Lol I thought Coker was the younger balled guy holding the mic! I just googled him. Shows what I know. Coker doesn't look or speak like the kind of guy that should be making in-ring announcements either way though!


----------



## HitOrGetHit (Jun 29, 2009)

Bonnar is going to smash Tito.


----------



## AJClark (Sep 19, 2010)

There's some gold in the comments section, haha.


----------



## M.C (Jul 5, 2008)

That was embarrassing. Is this what the UFC has to be worried about? :laugh:


----------



## Rauno (Nov 20, 2009)

I love (or hate) how Coker referred to both of them as mixed martial arts hall of famers. Basically saying that the UFC HOF is the one that matters.

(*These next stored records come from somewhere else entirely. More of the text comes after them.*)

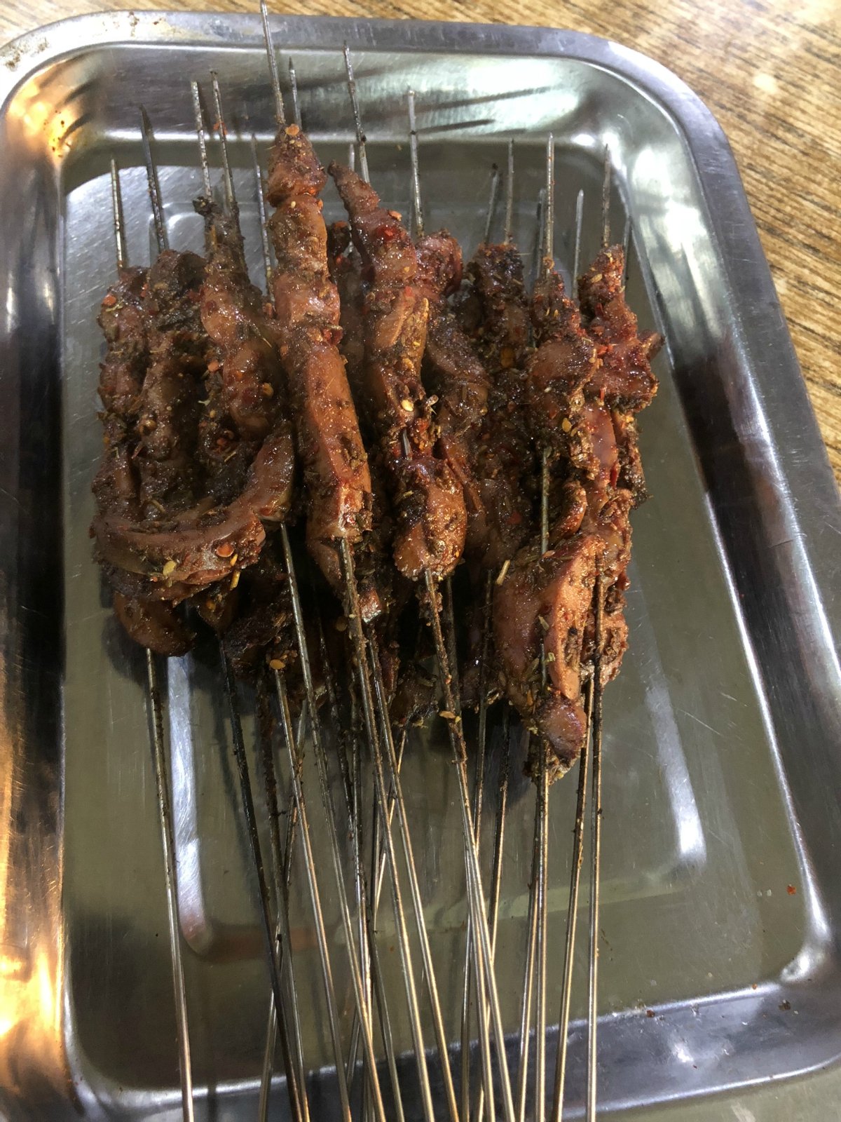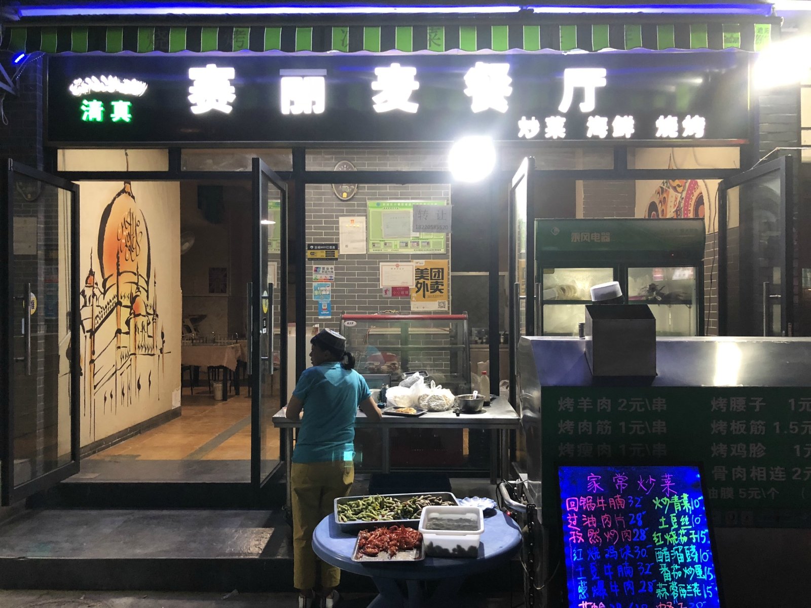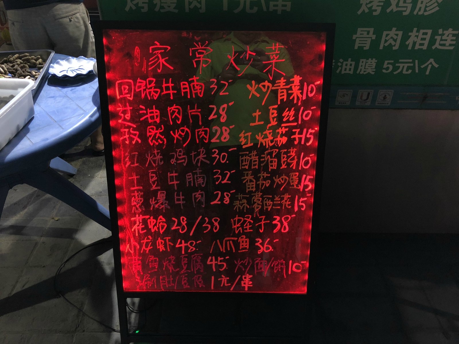 由于主要是晚上营业,这家餐厅主营各种烧烤,其次还经营有家常炒菜,炒面/炒饼,涮牛肚涮豆皮等等。烧烤的串(均是1元1串)包括有牛肉(纯瘦或者肥瘦),牛腰子,牛筋等,其次还有烤鸡翅、香肠、烤饼等(均是5元1串),一般情况下,2个人要上30个串,一个烤饼,鸡翅之类的,外带一些饮料,50元以内应该就可以吃饱。如果不想在店里用餐,还可以用烤肉夹馍直接带走(一般可以夹15-20串肉)。他们家的炒菜,包含孜然炒肉,土豆丝,红烧茄子等家常炒菜,除此以外也有花蛤,蛏子,小龙虾,黄鱼等海鲜炒菜,推荐他们家的黄鱼烧豆腐,45元一份,红烧方式制成,味道略微有些发甜,嫩豆腐蘸着汤汁吃着刚刚好,非常的鲜。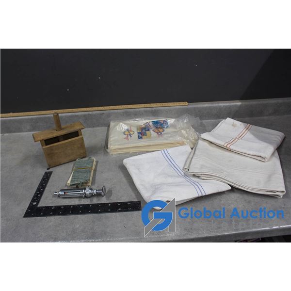 Vintage Dairy & Farm Items - 1lbs Co-op Butter Wrappers, Flour Sacks, Wooden Butter Press, etc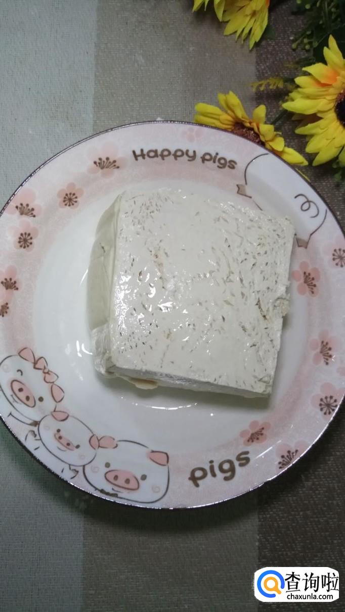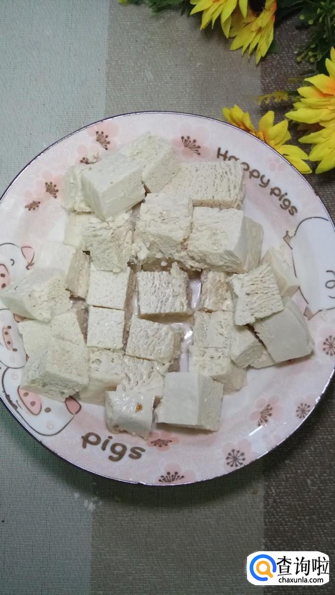 将豆腐放入冰箱冷冻一夜,取出后切成大块,如图所示。

Also, i smell a Bonnar heel turn coming.


----------



## Spite (Jul 7, 2009)

Rauno said:


> I love (or hate) how Coker referred to both of them as mixed martial arts hall of famers. Basically saying that the UFC HOF is the one that matters.
> 
> Also, i smell a Bonnar heel turn coming.


Indeed, I reckon as Bonnar goes to finish off Tito, Rampage will run down the ramp to help his bud.

But instead of helping Tito, Rampage turns against his former friend as he and Bonnar kick shit out of a downed Tito before King Mo comes running down the ramp with a chair in his hand, he then smacks Rampage about the head with it a couple time.

Scott Coker and Security separate the carnage before Scot announces on the mic that the next fight will be a steal cage tag team match - only on paaaaaaaay per vieeeeeeeeew!

You heard it here first!


----------



## RangerClydeTheBlue (Jul 11, 2012)

While thing was absolutely horrendous.

For the guy asking if Coker was the guy holding the mic, you have some amazing television ahead of you when you watch Fight Quest with Jimmy Smith.


----------



## _RIVAL_ (Mar 7, 2008)

Stay away from this stuff please Bellator.... You're going to make yourself the laughing stock of the MMA world......

Leave that fake brawl shit up to guys like Jones and Cormier.... Just develop talent and put on good fights.


----------



## Warning (Nov 18, 2009)

Great show  Excited to see Tito cage fight.
Happy Patrício got his belt :thumbsup:


----------



## DonRifle (Jan 18, 2009)

ClydebankBlitz said:


> For the guy asking if Coker was the guy holding the mic, you have some amazing television ahead of you when you watch Fight Quest with Jimmy Smith.


Whys that?


----------



## _RIVAL_ (Mar 7, 2008)

Warning said:


> Great show  Excited to see Tito cage fight.
> Happy Patrício got his belt :thumbsup:


I love watching Pitbull fight. But sheesh this guy is freaking small for that division...


----------



## prospect (Mar 26, 2014)

You bastard!!!!!! You ruined this fight for me!!


----------



## _RIVAL_ (Mar 7, 2008)

prospect said:


> You bastard!!!!!! You ruined this fight for me!!


It's a good fight... when you watch it take a look at the size difference.... IMO Pittbull would have no problem dropping down and would have a power advantage like hell...


----------



## prospect (Mar 26, 2014)

Yeah I wasn't talking to you. 
I was talking to the guy who stole 1m precious credits off me bank: D


----------



## _RIVAL_ (Mar 7, 2008)

prospect said:


> Yeah I wasn't talking to you.
> I was talking to the guy who stole 1m precious credits off me bank: D


Whoa!! I can't believe that I even quoted and responded to you... I usually dont' talk to users that have less than a million credits or so...


----------



## DonRifle (Jan 18, 2009)

prospect said:


> Yeah I wasn't talking to you.
> I was talking to the guy who stole 1m precious credits off me bank: D


Tonight I bath in credits!


----------



## prospect (Mar 26, 2014)

Who here wants to bet for anything right now right here. I just need 200.000 to get back to the _RIVAL_ list


----------



## GDPofDRB (Apr 18, 2013)

Bonnar tweeted out the leaked tito dic pic.


----------



## M.C (Jul 5, 2008)

Vince McMahon is certainly keeping an eye on them, they might make decent wrestlers.


----------